Another vehicle halted at the entrance. This time two men got out. One of them supervised the unloading of a set of golf clubs. The other headed for the lobby.

“High-level probability talent and his bodyguard,” Grace said. “Same dark energy spikes in their fields.”

“What the hell is going on here? I’ve never seen anything like those weird rogue waves.”

“I have,” Grace said softly.

“I did get that impression.” He reached for his cane. “You and I need to talk.”

FOURTEEN

“What the hell is going on and what do you know about it?” Luther asked. He used his flat, unemotional cop voice.

She’d had enough for one day. Her temper spiked. “Don’t talk to me like that.”

“Like what?”

“Like I’m a suspect that you’ve got cornered in an interrogation room.”

He looked at her, eyes veiled by his dark glasses, and said nothing. He waited the way cops and psychiatrists did sometimes, hoping you’d get nervous and start talking.

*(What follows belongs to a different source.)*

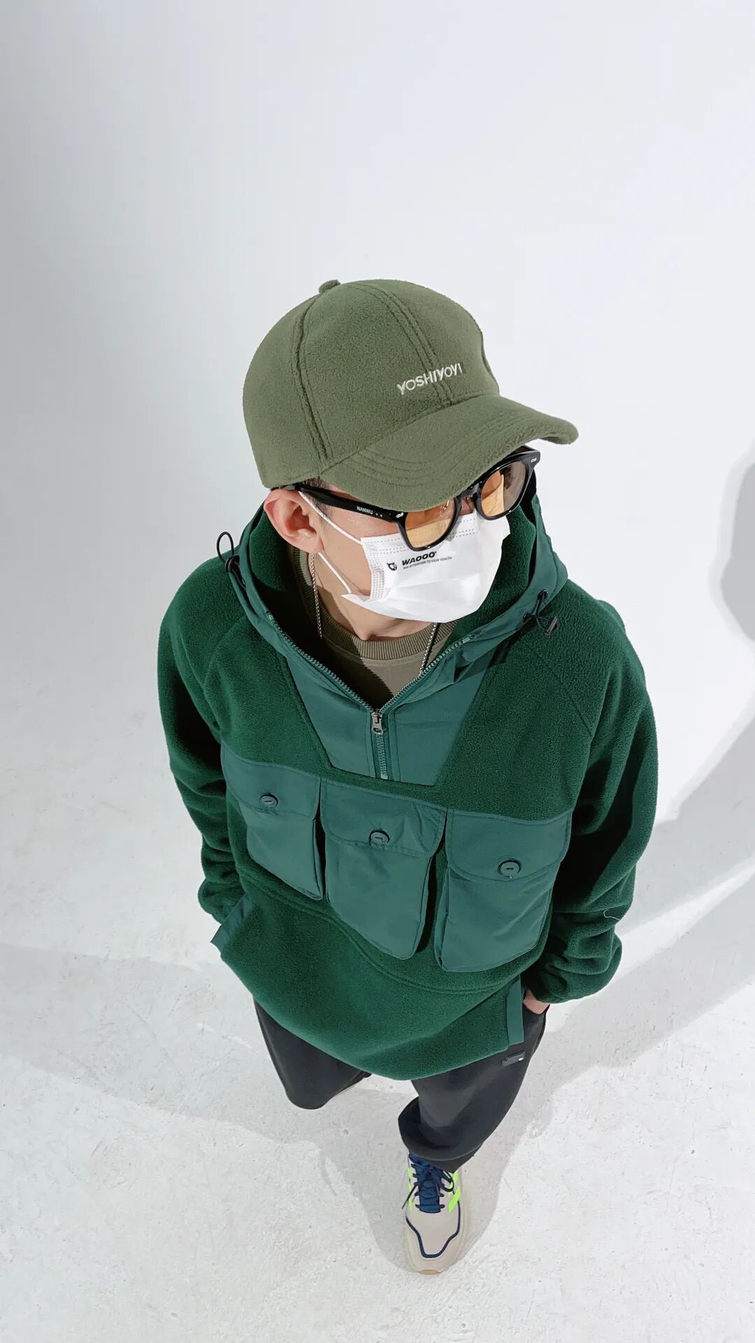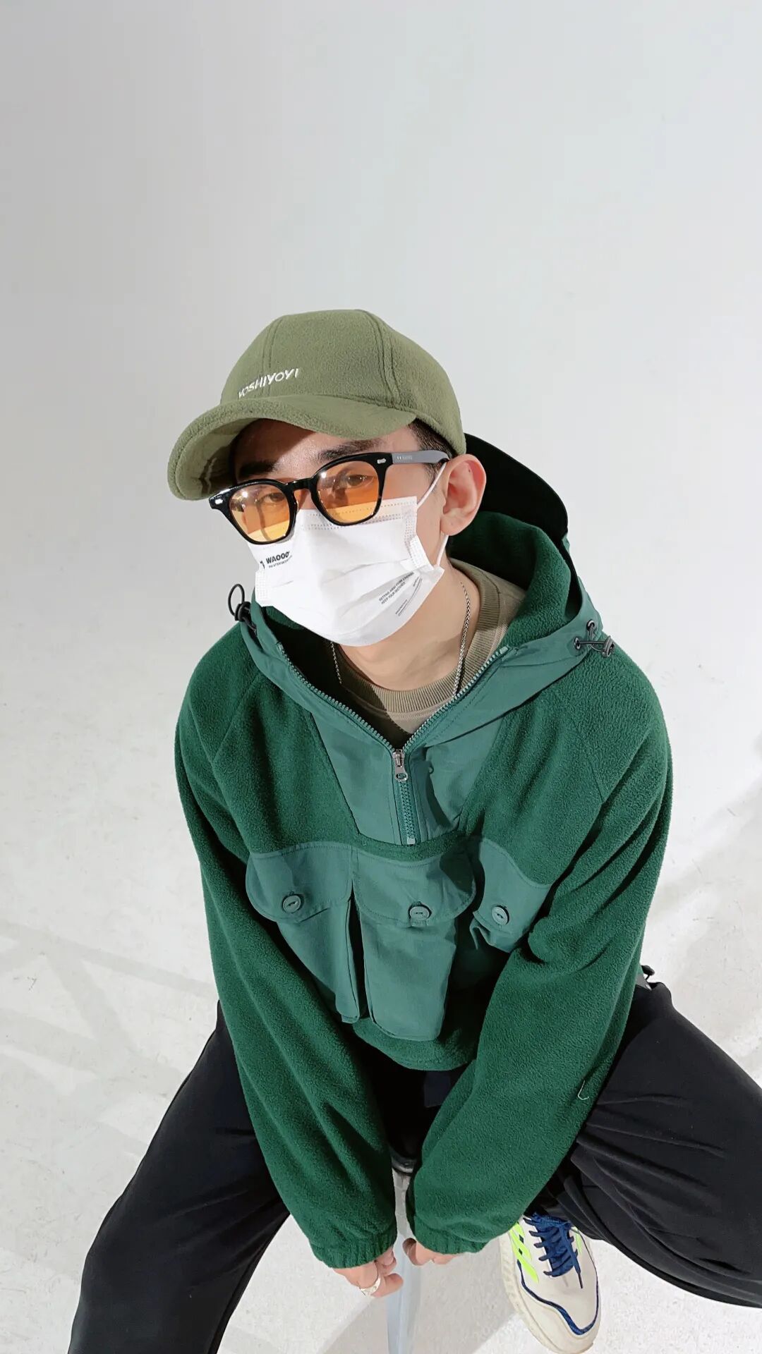 上半身从帽子、内搭到外套选择了绿色的邻近色搭配,明确主题;

They were standing in the shade of the very same tree that had concealed them the previous evening when he touched her for the first time. But it wasn’t the precious memory of what had happened the night before that slammed through her now. It was the fragment of the Martin Crocker dream that had awakened her that she found herself remembering.

She concentrated on the ocean while she composed her thoughts. Luther had a right to know whatever she could tell him about the auras of the strange group that had just arrived. But she was under no obligation to confess all her secrets. It wouldn’t be the first time she had lied to a cop. She could do this.

“I once knew someone else whose aura developed a similar disturbance,” she said quietly.

“Go on.”

“You know this would be a whole lot easier if you played Good Cop instead of Bad Cop.”

“Talk to me, Grace.”

“This man I knew, the rogue waves, as you call them, started to appear after he began taking a drug.”

“What drug?” Luther did not stir beside her but she knew that he had heightened his senses. He was watching her with his other vision, searching for signs of anxiety, fear, anger or any other strong emotion that might signal to him that she was lying or evading.